Two-Phase Commit (2PC)

A distributed transaction must either commit on all participating nodes or abort on all of them — never a partial commit. Two-Phase Commit (2PC) is the classic protocol to achieve this.

The Two Phases

Phase 1 — Prepare (Voting):

  1. The coordinator sends a PREPARE message to all participants.
  2. Each participant checks if it can commit (checks its local state, writes to a WAL).
  3. Each participant votes YES (ready) or NO (abort).

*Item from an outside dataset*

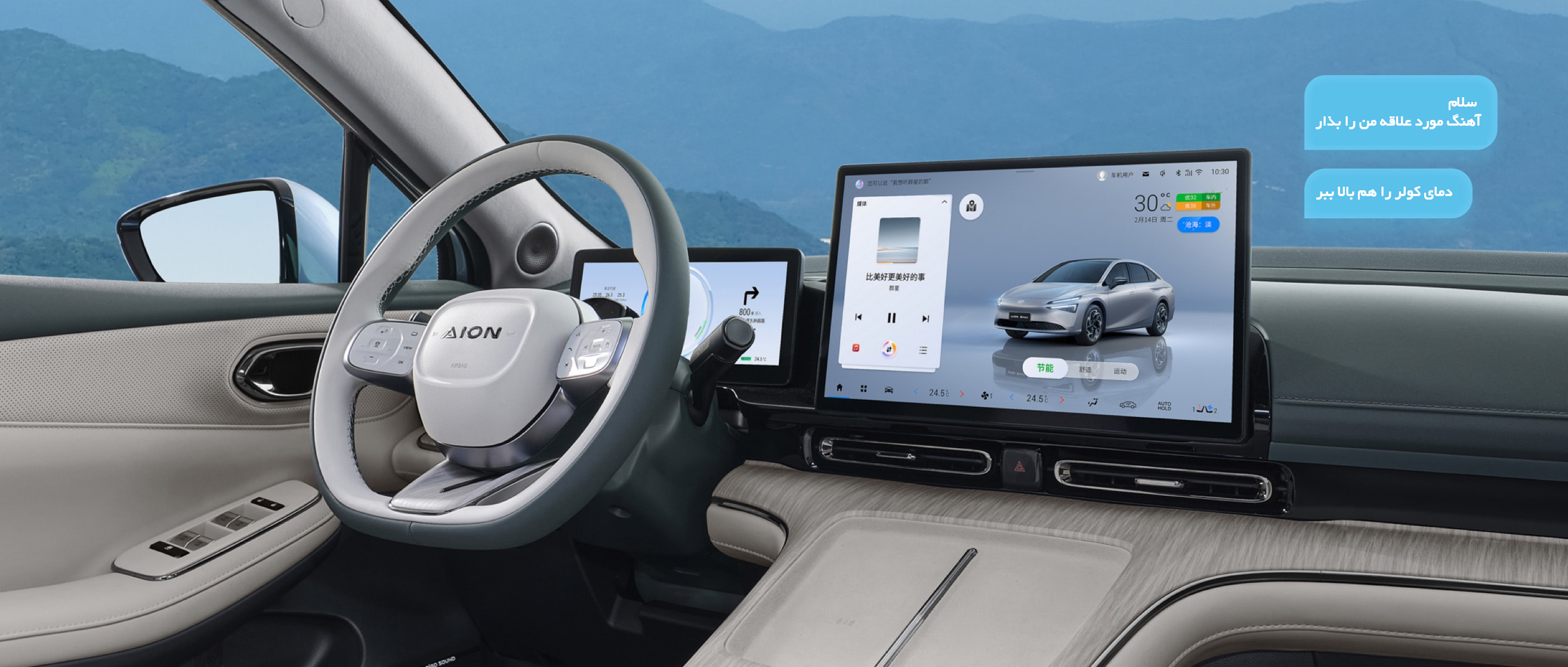 نمای داخلی خودروی GAC Aion S Max 2024 طراحی مدرن و جذابی دارد. کابین آن جادار و راحت است، با استفاده از مواد باکیفیت و طراحی مینیمالیستی که فضای لوکسی را برای سرنشینان فراهم میکند. صفحه نمایش بزرگ لمسی در مرکز داشبورد به عنوان مرکز کنترل خودرو عمل میکند و امکاناتی مانند سیستمهای چندرسانهای، ناوبری، و تنظیمات مختلف خودرو را ارائه میدهد. سیستم نورپردازی محیطی، صندلیهای چرمی و امکاناتی نظیر شارژر بیسیم و کنترلهای دیجیتال برای تهویه مطبوع از دیگر ویژگیهای داخلی این خودرو هستند.
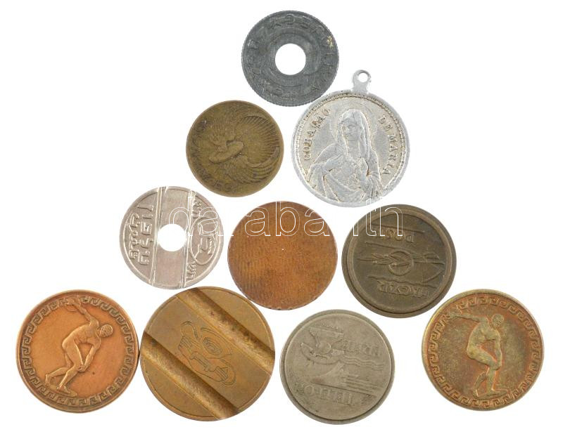 Description: 10db-os zseton és bárca tétel, közte "1933. BSZKRT / Kisszakasz jegy" sárgaréz közlekedési bárca + 1943. "BSZKRT Váltójegy" Zn közlekedési bárca + DN "Vidám park" bronz zseton + kétoldalas Al kegyérem füllel (21mm) + 1995. "104. Nemzetközi Olimpiai Bizottsági Ülés Budapest" angol és francia nyelvű Br emlékérem (22mm) (2db) T:2-3

Phase 2 — Commit (Decision):

  • If all votes are YES: coordinator sends COMMIT to all participants.
  • If any vote is NO (or a timeout): coordinator sends ABORT to all participants.
Coordinator          Participant A      Participant B
    │── PREPARE ──────────►│                 │
    │── PREPARE ───────────────────────────►│
    │◄── YES ──────────────│                 │
    │◄── YES ──────────────────────────────│
    │── COMMIT ────────────►│                │
    │── COMMIT ────────────────────────────►│

The Problem

2PC has a blocking failure mode: if the coordinator crashes after Phase 1 but before sending the commit/abort decision, participants are stuck — they cannot commit or abort without the coordinator. Modern protocols like 3PC and Paxos/Raft solve this.

Your Task

Implement a TwoPhaseCommit coordinator class. It should:

  • Accept a list of participant functions (each returns true for YES or false for NO when prepared).
  • prepare() — call all participants, collect votes.
  • commit() — if all voted YES, commit (return "COMMITTED"). Otherwise abort (return "ABORTED").